The wolf tried to loosen his tie a smidge as he followed his new ringtail secretary to his new office at his new job in a new city. He was trying to maintain the aura of calm and command that had helped him get this position in the first place, but the stress was starting to get to him. "Thank you very much, Miss... uh..."

"Just call me Heidi, Mr. Dascomb," the ringtail said with a winning smile thrown over her shoulder.

"Thank you, Heidi."

She turned so sharply on the balls of her feet that Mr. Dascomb almost ran right into her. At first, he had thought he had done something wrong, but she was simply opening a door. "And here we are."

The wolf took a moment to prepare himself and walked through it.

Damn.

Corner office. Floor-to-ceiling windows. Three potted plants (real things too, none of this artificial rubbish). His name on a fucking nameplate. A projector-screen that filled most of one wall. A mini-bar. And... And...

Was that a foot sticking out from under his desk?

Heidi beamed up to him. "Are all the amenities to your liking?"

Mr.

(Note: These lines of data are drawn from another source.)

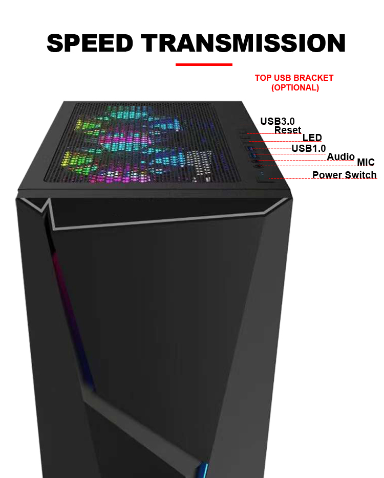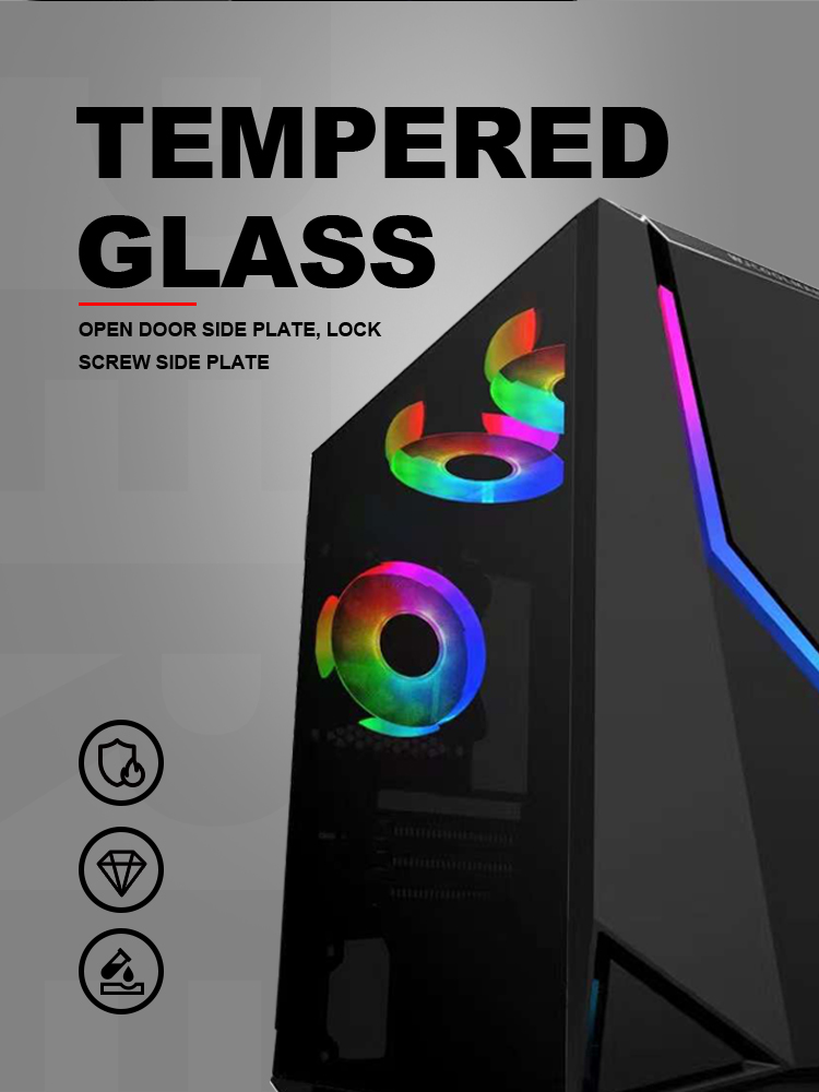 18 years factory with RGB fan Type C tempered class metal structure gaming case
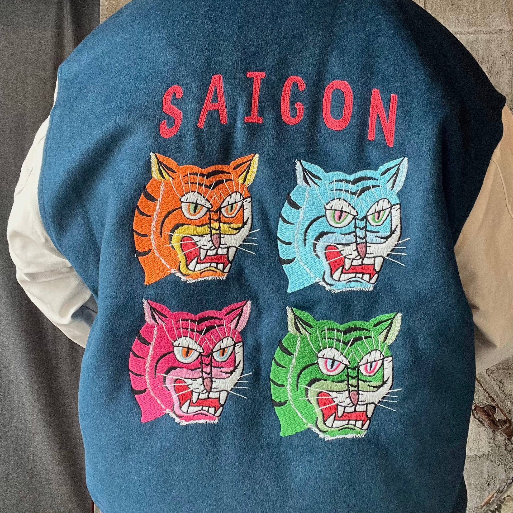 鮮やかなカラーにトラの刺繍をフロント、バッグともにに刺繍したインパクト大の1枚。
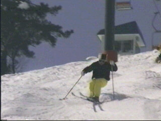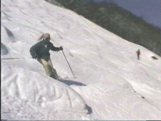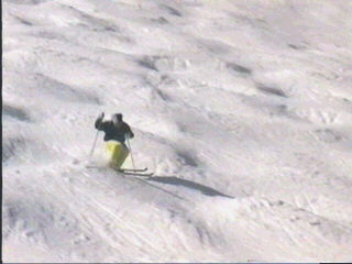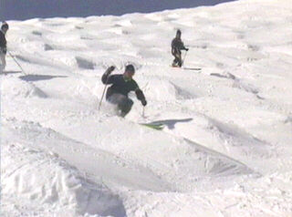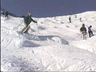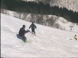 よこちゃんの滑りです。 この日のアルペンコースはコブの向こう(谷)側が切り立っている上に、 とても堅かったので、滑りにくかったです。 |
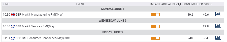 GBP/USD cannot complain about the lack of volatility – albeit things are becoming more complex. Politics, including Brexit, is growingly competing with coronavirus headlines from both sides of the Atlantic and eventually sent cable higher on the week, but lower on the month. The first week of June consists of top-tier US publications and an even more significant role for Brexit.
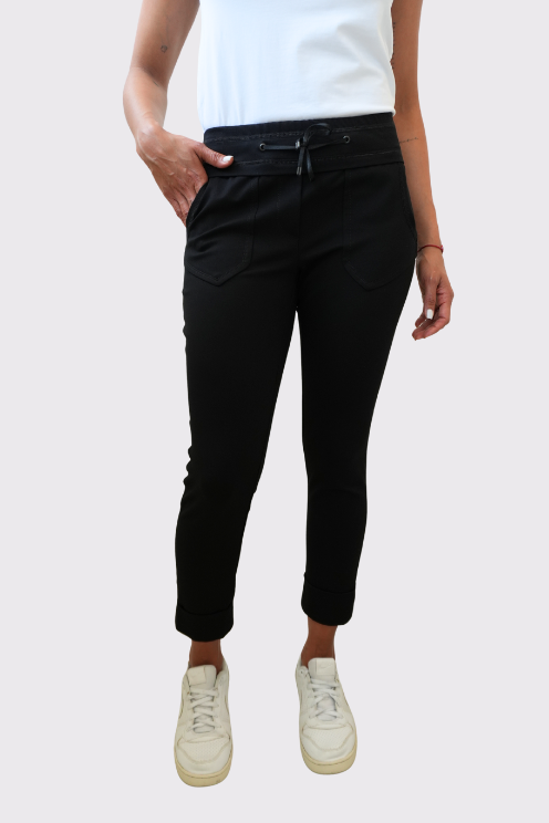 Elevated comfort with a fashion-forward twist. These Beate Heymann joggers are crafted from a soft stretch jersey with a clean, tailored silhouette. Featuring a wide drawstring waistband, angled front patch pockets, back patch pockets, and cuffed hems, they offer a sporty-yet-sleek look that transitions effortlessly from casual to polished.
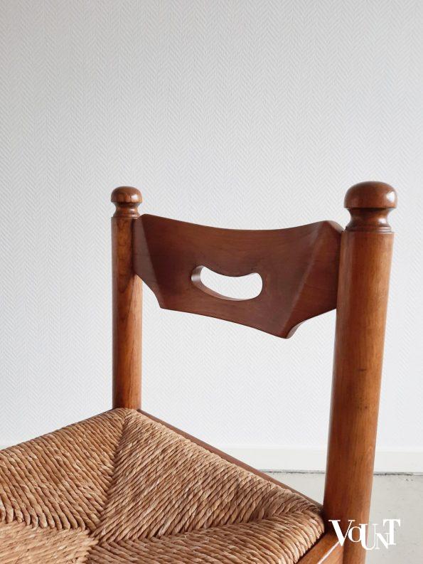 Deze set van 4 stoelen met biezen zittingen gaat nog wel weer 50 jaar mee. Eikenhout. In goede en stevige conditie.
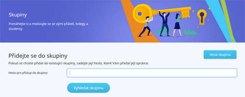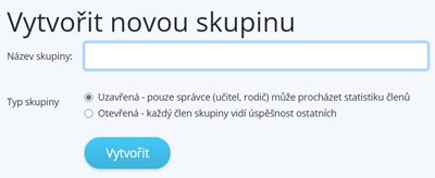 Tato část je určena hlavně pro učitele, případně rodiče studentů. Zde si zvolíte název skupiny a rozhodnete se pro uzavřenou nebo otevřenou skupinu. U uzavřené budete vidět statistiku jednotlivých členů pouze vy jako administrátor skupiny, u otevřené skupiny uvidí členové své statistiky vzájemně. Obě možnosti mají své výhody i nevýhody – výběr je na vás.
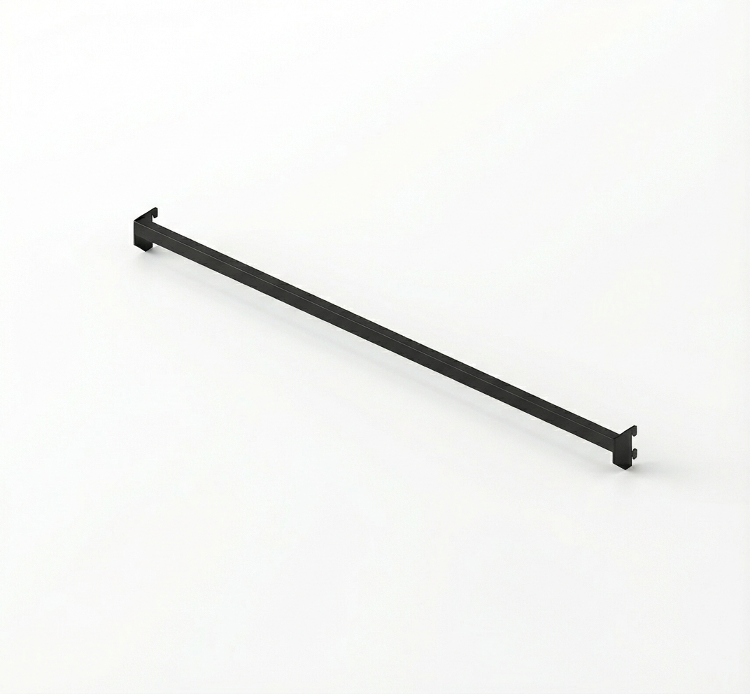 A Régua Reta RG 120 é usada em sistemas de cremalheira quando você precisa de um varão simples entre duas colunas para pendurar roupas em cabides. Com 120cm de vão, é indicada para painéis de parede mais amplos, permitindo uma área maior de exposição contínua entre as colunas.
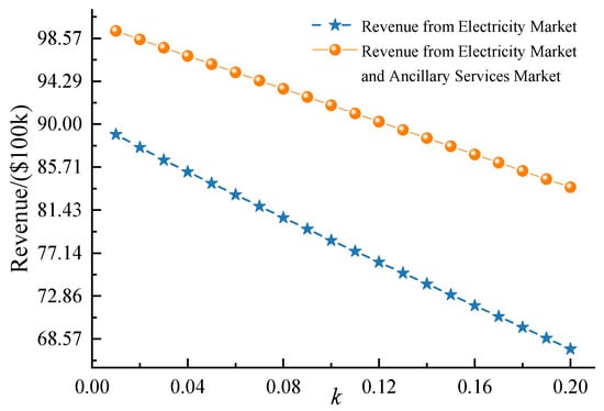 Assuming the on-grid electricity price is fixed, the coefficient determines the revenue of the variable-speed pumped storage power station in the energy market and the ancillary services market. The ratio of the pumping price to the on-grid price is The pumping price significantly affects the operating state and power of the variable-speed pumped storage power station. To study the pricing mechanism in the market environment, the value range of is set from 0.01 to 0.20, with a step size of 0.01. Other parameters are the same as in Section 4.3. The revenue situation of the variable-speed pumped storage power station under different values of coefficient is shown in Figure 6.
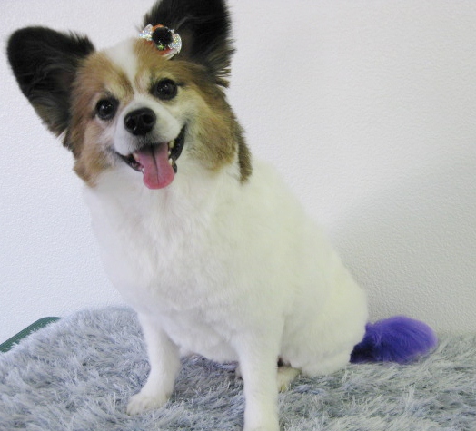 チョコのシッポは根元がブラウン、先が真っ白の毛色なので、パープルにカラーリングをしたら、ブラウンとパープルの相性が良くて、とっても似合っていました☆
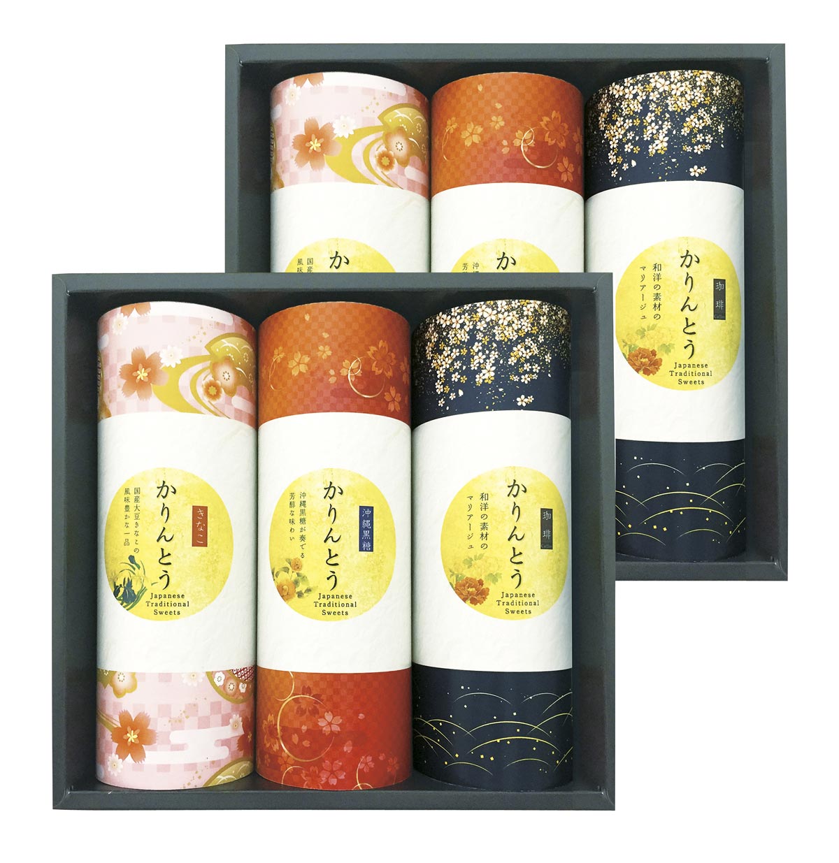 国産きなこをまぶし、甘さを抑え少し塩味に仕上げた懐かしい味のきなこかりんとうと、昔ながらの定番の味、クセになる美味しさの風味豊かな黒かりんとう、珈琲の香ばしさが甘みを引き立ててくれる大人味の珈琲かりんとう、沖縄産黒糖を使用した黒糖の風味が広がる、ツヤが美しい沖縄黒糖かりんとうの詰合せです
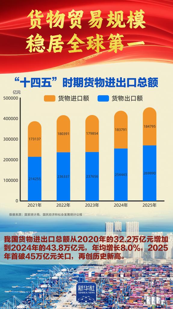 “十四五”勝利收官,“十五五”嶄新開局。我國經(jīng)濟總量完成“四連跳”,躍上140萬億元大關,經(jīng)濟實力、科技實力、綜合國力躍上新臺階,中國式現(xiàn)代化邁出新的堅實步伐,第二個百年奮斗目標新征程實現(xiàn)良好開局。2026年全國兩會召開,舉世矚目。我們梳理出九組數(shù)據(jù),一起感受勝利收官的壯闊歷程、啟新開局的高光時刻。
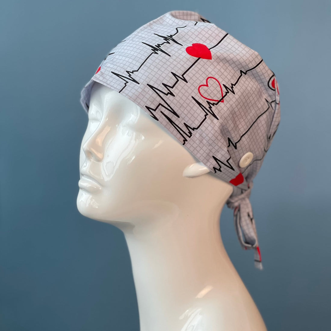غطاء رأس طبي بطباعة نبضات القلب Gray
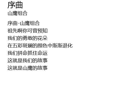 | [00:00.410] | 序曲-山鹰组合 |
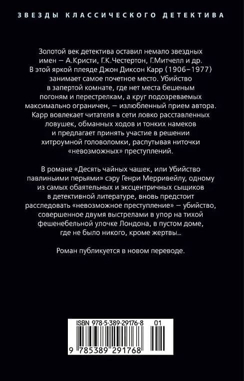 В романе «Десять чайных чашек, или Убийство павлиньими перьями» сэру Генри Мерривейлу, одному из самых обаятельных и эксцентричных сыщиков в детективной литературе, вновь предстоит расследовать «невозможное преступление» — убийство, совершенное двумя выстрелами в упор на тихой фешенебельной улочке Лондона, в пустом доме, где не было никого, кроме жертвы…
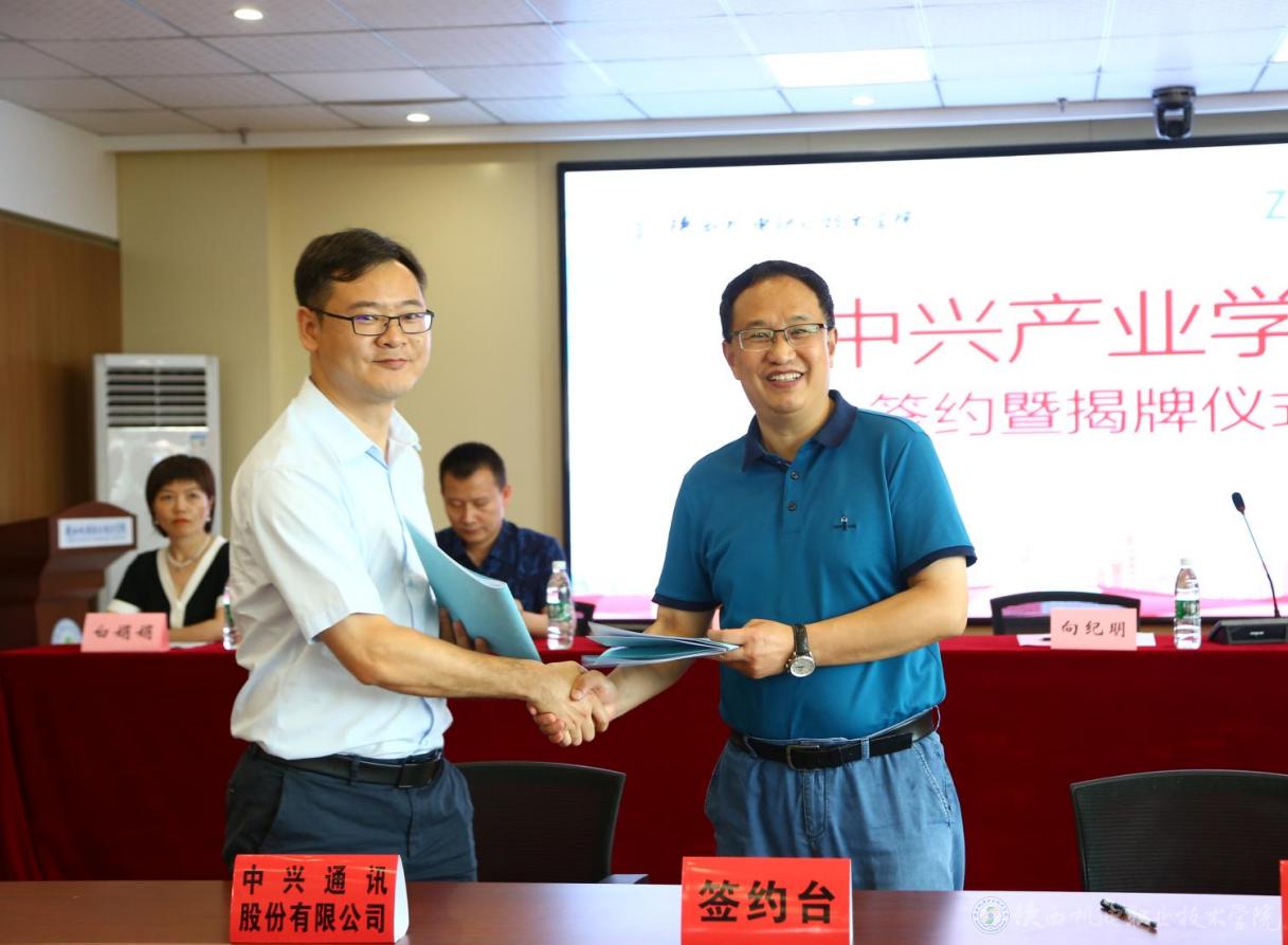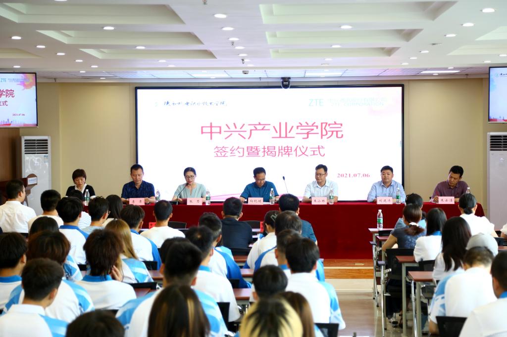 仪式上,王小林和向纪明共同签署“中兴产业学院”合作协议;王小林、张琴共同为“中兴产业学院”揭牌。
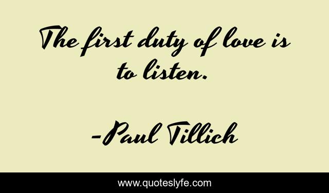 This page presents the quote "The first duty of love is to listen.". Author of this quote is Paul Tillich. .
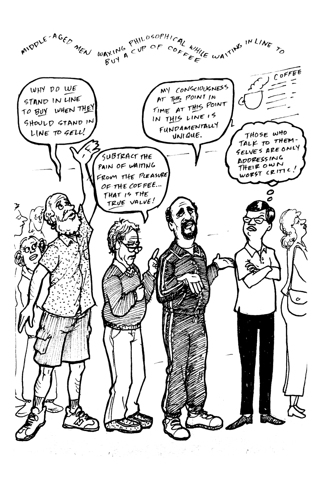 “Middle-Aged Men Waxing Philosophical While Waiting in Line to Buy a Cup of Coffee” From Oddballs #16 #oddballs #men #coffee #philosophy
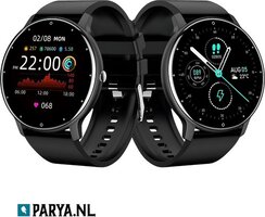 Parya Official Dark Black Smartwatch - Heren & Dames - HD Full Touchscreen - Activity Tracker - IOS & Android
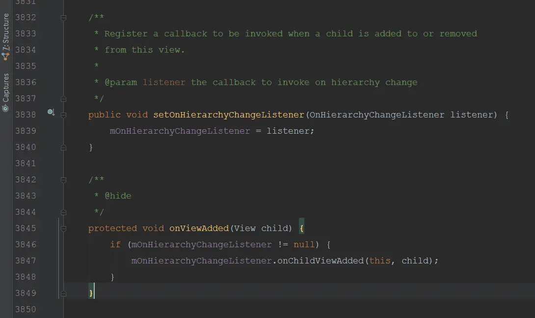 根据文档,可以知道这个接口在ViewGroup层次改变的时候会回调,回调两个方法:onChildViewAdded和onChildViewRemoved,这两个方法正是与addView和removeView挂钩。
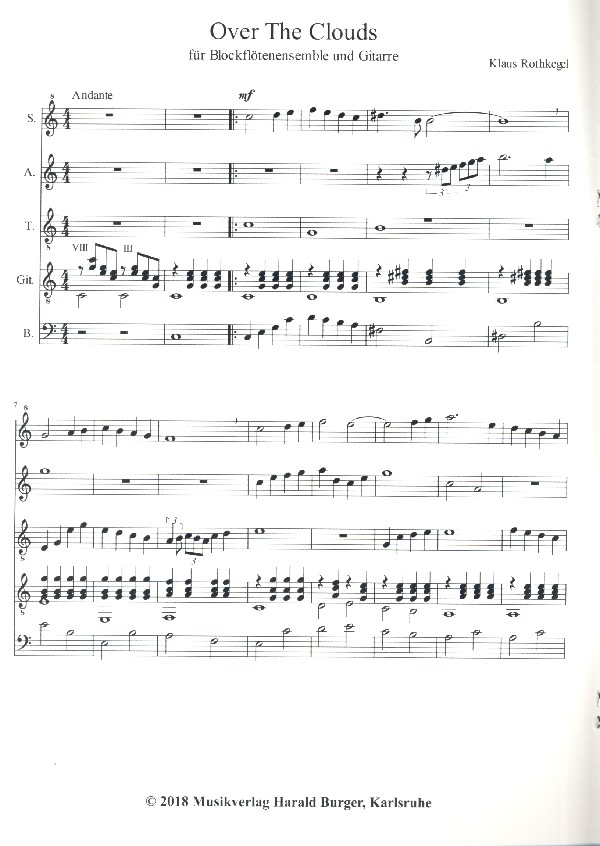 | Untertitel: | für 4 Blockflöten (SATB) (Ensemble) und Gitarre Partitur und Stimmen |

Dascomb leaned over and whispered as quietly as he could. "Is someone hiding under my desk?"

She glanced and, when she spied the foot, laughed gently. "Oh, that's just your desk fox."

"My desk fox?"

"Mmhmm. All the best for our new manager!"

Mr. Dascomb placed his briefcase atop the desk and stepped around it. Sure enough, there was a fox under his desk. A very naked fox, bound wrist and ankle to keep him in position, his mouth held open by a ring-gag and his eyes covered with a thick leather blindfold. The fox's erect shaft dribbled onto a carefully placed kneeling pad. "My. Desk. Fox," he repeated, somewhat numbly. The fox's tail gave a little wag, thumping against the back panel of the desk.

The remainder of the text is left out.